WORKING DATA:

= = =

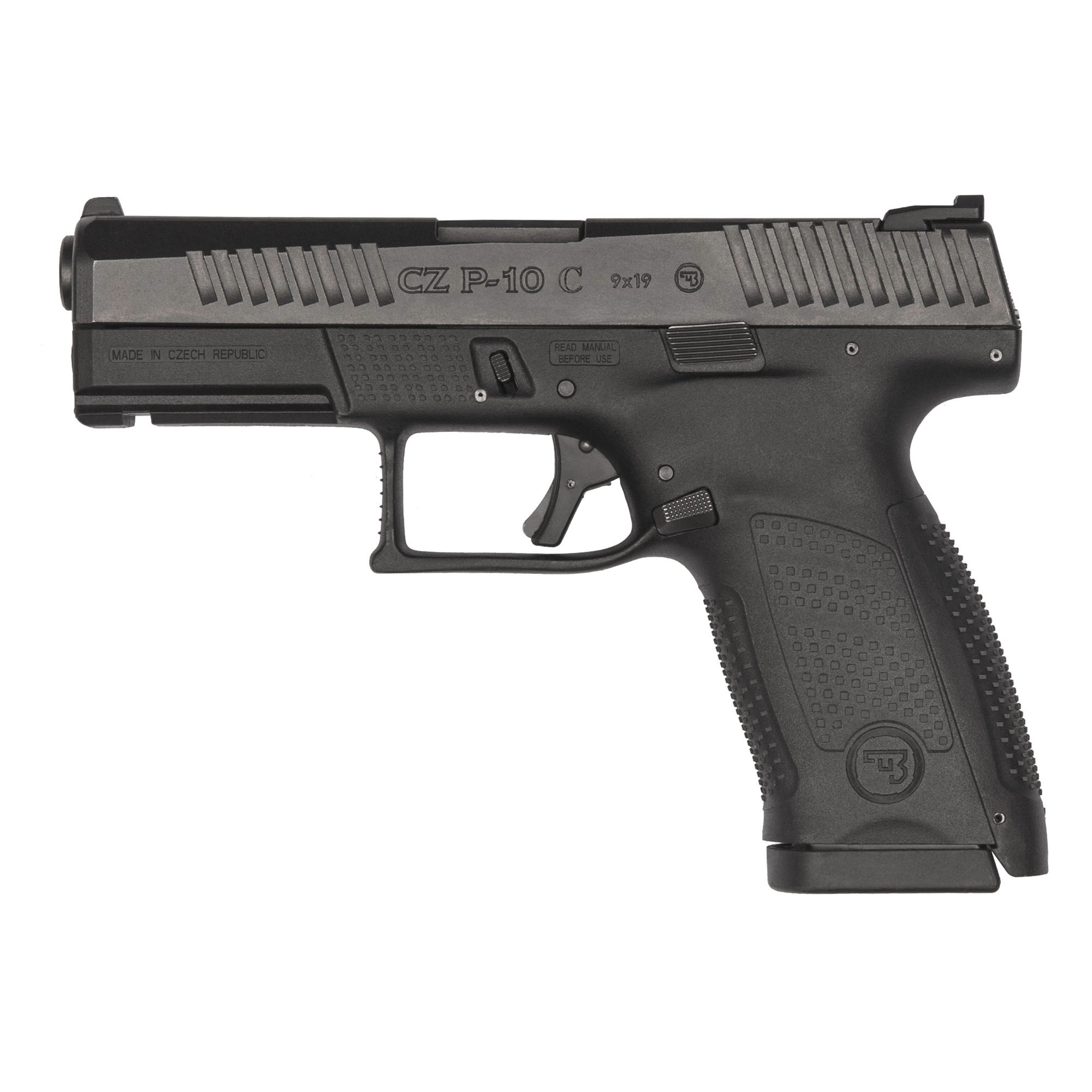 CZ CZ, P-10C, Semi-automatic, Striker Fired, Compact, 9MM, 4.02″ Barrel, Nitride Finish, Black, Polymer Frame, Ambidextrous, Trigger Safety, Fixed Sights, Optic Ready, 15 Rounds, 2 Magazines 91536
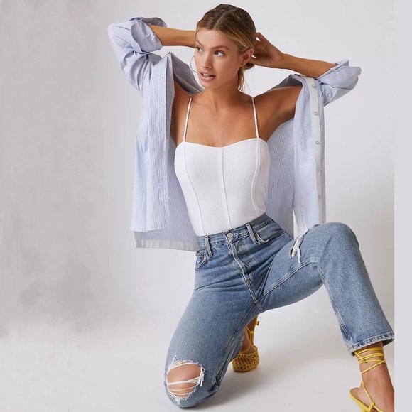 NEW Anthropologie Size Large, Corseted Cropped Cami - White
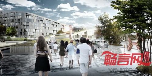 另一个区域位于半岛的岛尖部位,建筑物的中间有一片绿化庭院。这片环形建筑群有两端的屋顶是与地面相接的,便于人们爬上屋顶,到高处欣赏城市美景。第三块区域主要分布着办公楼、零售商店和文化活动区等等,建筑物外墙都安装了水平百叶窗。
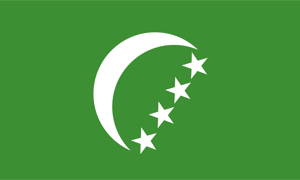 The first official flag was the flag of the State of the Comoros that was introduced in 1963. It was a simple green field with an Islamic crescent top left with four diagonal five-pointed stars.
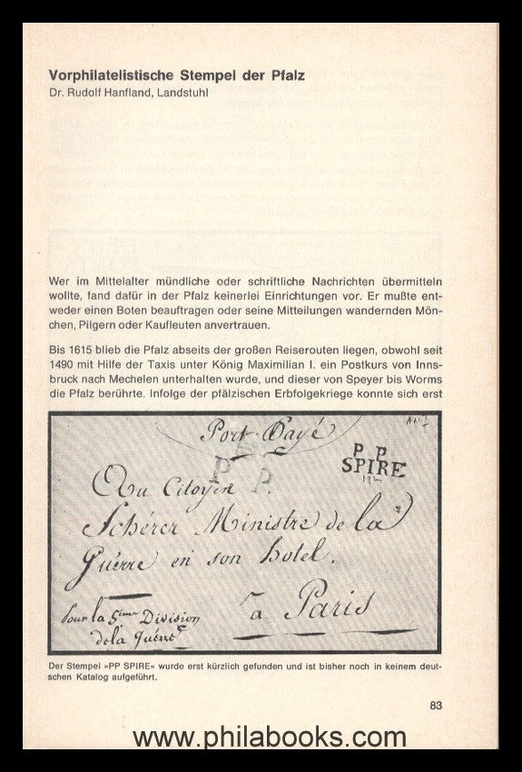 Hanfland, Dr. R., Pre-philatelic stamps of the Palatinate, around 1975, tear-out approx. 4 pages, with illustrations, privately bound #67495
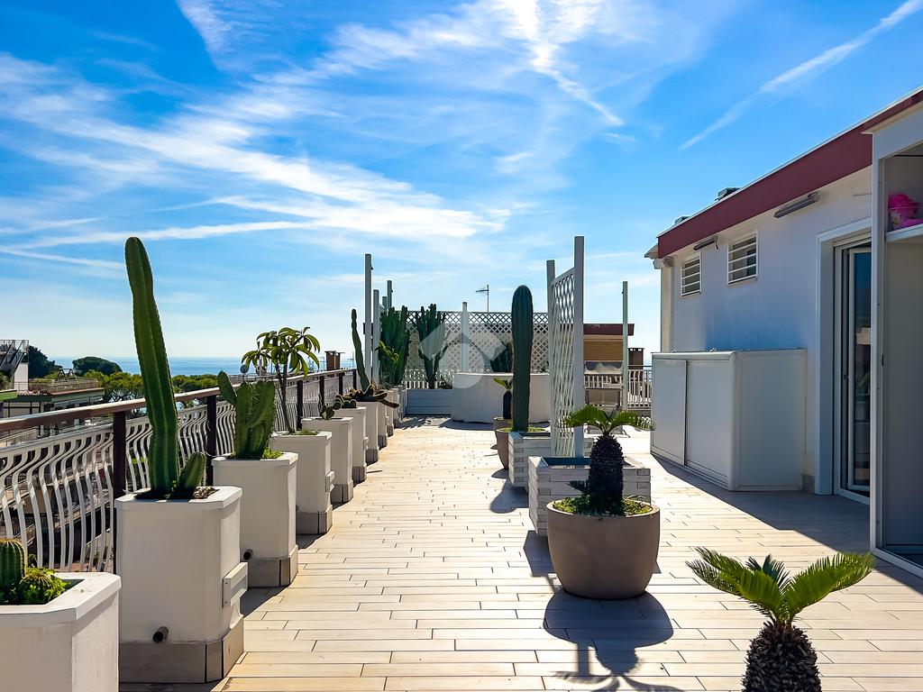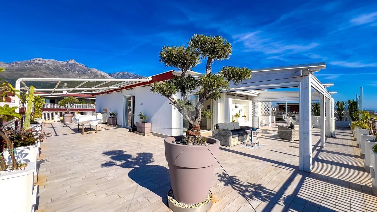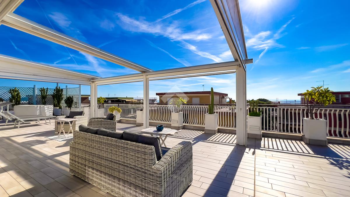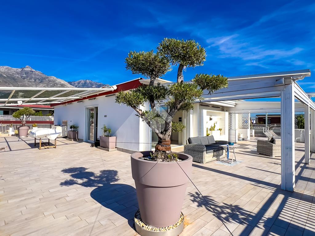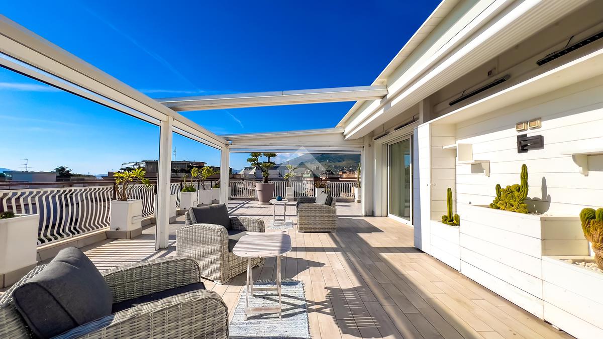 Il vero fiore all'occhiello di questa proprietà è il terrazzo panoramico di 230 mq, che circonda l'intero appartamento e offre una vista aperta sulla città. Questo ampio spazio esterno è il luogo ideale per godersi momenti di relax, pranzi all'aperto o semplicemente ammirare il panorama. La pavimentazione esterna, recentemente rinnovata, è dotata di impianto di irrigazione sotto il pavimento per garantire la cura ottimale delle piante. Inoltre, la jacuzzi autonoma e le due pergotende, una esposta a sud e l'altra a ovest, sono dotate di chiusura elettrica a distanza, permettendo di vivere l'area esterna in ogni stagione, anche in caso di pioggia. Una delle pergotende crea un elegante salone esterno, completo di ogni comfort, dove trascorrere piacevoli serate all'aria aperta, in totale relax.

= = =

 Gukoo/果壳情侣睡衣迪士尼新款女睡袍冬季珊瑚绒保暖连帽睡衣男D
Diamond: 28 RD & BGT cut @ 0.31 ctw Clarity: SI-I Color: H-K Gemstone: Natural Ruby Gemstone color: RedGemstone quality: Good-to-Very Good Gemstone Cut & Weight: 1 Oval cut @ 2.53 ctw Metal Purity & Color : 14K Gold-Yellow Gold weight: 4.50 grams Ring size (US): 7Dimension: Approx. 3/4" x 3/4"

= = =

EXERCISE REQUIREMENTS:
With the pictures left out, write out exactly the lines above from the one containing "The first official" through the one containing "Hanfland, Dr. R., Pre-philatelic".

ANSWER SPACE:
 The first official flag was the flag of the State of the Comoros that was introduced in 1963. It was a simple green field with an Islamic crescent top left with four diagonal five-pointed stars.
 Hanfland, Dr. R., Pre-philatelic stamps of the Palatinate, around 1975, tear-out approx. 4 pages, with illustrations, privately bound #67495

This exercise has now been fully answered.